The Turtle Trading system, a brainchild of Richard Dennis, was a grand experiment to prove that trading could be taught. The system itself was a straightforward, trend-following strategy. It used a 20-day breakout for entries and a 10-day low for exits. The rules were simple, mechanical, and left no room for interpretation. The Turtles, a group of novices, were given these rules and a trading account. Their success became legendary.

Strengths of the Turtle System

The primary strength of the Turtle system lies in its simplicity and discipline. By removing emotion and discretion, it forces traders to follow a proven methodology. The system is designed to capture large trends, which is where significant profits in trading are often found. The risk management component, with its precise position sizing rules, is another key strength. It ensures that no single trade can wipe out an account.

Weaknesses in Modern Markets

However, the markets of the 1980s are not the markets of today. The rise of high-frequency trading and algorithmic execution has changed the landscape.
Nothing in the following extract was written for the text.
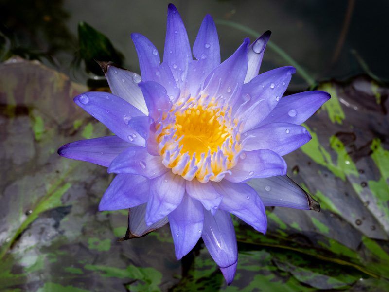 The flowers aren’t the only eye-catching part of a tropical waterlily. Their lilypads often have serrated edges and range in color from yellow-tinged burgundy to a mottled chartreuse and purple.  These leaves can grow huge, with some measuring more than a foot across.

The 20-day breakout, once a reliable signal, is now a crowded trade. Many algorithms are programmed to fade such obvious breakouts, leading to false signals and whipsaws. The system's performance in choppy, range-bound markets is a significant drawback. A trader using this system on SPY in a sideways market would likely suffer numerous small losses.

A Modern Adaptation

To adapt the Turtle system for modern markets, a trader might consider several modifications. Instead of a fixed 20-day breakout, one could use a volatility-adjusted breakout, such as a multiple of the Average True Range (ATR). For instance, an entry could be triggered when the price exceeds the 20-day high plus 2x the 14-day ATR. This would filter out some of the noise. Another adaptation could be to use a different exit strategy, perhaps a trailing stop based on a moving average, to let winners run further.